Успех боевого соприкосновения и атаки определяют многие обстоятельства. Некоторые условия — время встречи, освещение, состояние моря — не зависели от Долганова вовсе. Но было гораздо больше элементов боя, которые целиком подчинялись силе и воинскому умению его самого, его офицеров и всех людей корабля. Сейчас надо было думать о месте каждого человека в бою.
Николай Ильич не созвал офицеров на особое совещание. Он поочередно вызывал командиров боевых частей, удерживая возле себя помощника и заместителя по политической части.
С механиком разговор был непродолжителен.
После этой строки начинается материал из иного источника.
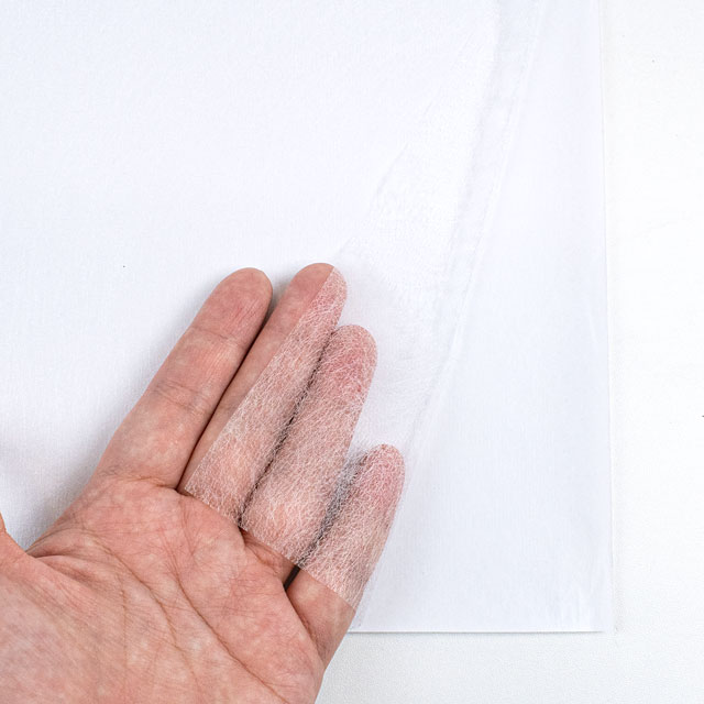 離型紙の付いた、クモの巣状のアイロン両面接着シートです。

Нужно было поставить третий котел на поддержку, чтобы дать максимальный ход при сближении с противником. Механик не видел помех в своем большом и сложном хозяйстве. Котлы недавно щелочились, турбины и линии валов проверены.
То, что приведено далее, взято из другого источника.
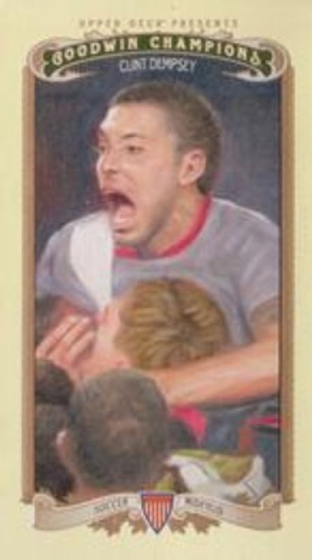 The Clint Dempsey 2012 Upper Deck Goodwin Champions #42 Mini card is 1 of 14 Clint Dempsey's card variations in the 2012 Upper Deck Goodwin Champions set being tracked by Sports Card Investor, including #42b Base, #42 Base, #42 Mini Foil, #42 Mini Green, and Mini Green Blank Backs.

— Дело в десяти минутах. Можете форсировать как угодно, можете жечь топливо сколько угодно, но атаку мы должны обеспечить. Объясните это машинистам, — сказал Долганов.
Артиллеристу, который на корабле был недавно, командир напомнил о недостатках, замеченных на последних учениях. Чтобы люди увереннее двигались на скользкой и кренящейся палубе, предложил по боевой тревоге набросать маты вокруг платформ и в заключение приказал немедленно провести короткое учение.
Когда начался самый важный разговор — с минером, — от левого ночного визира уже раздавались команды на орудия, подаваемые высоким тенорком артиллериста:
— Левый борт… курсовой… по силуэту… прицел… целик… Товсь!..
— Ну, минер, как вы, готовы? — спросил Николай Ильич.
Старший лейтенант Игнатов, плечистый весельчак, только что изображал в лицах сцену в рубке германского крейсера с участием бравого солдата Швейка, и за его спиной еще раздавался приглушенный смех.
— Готовы, товарищ командир… Силуэт увидим, подвернете, определим угол упреждения и — залп. Торпеды не подведут.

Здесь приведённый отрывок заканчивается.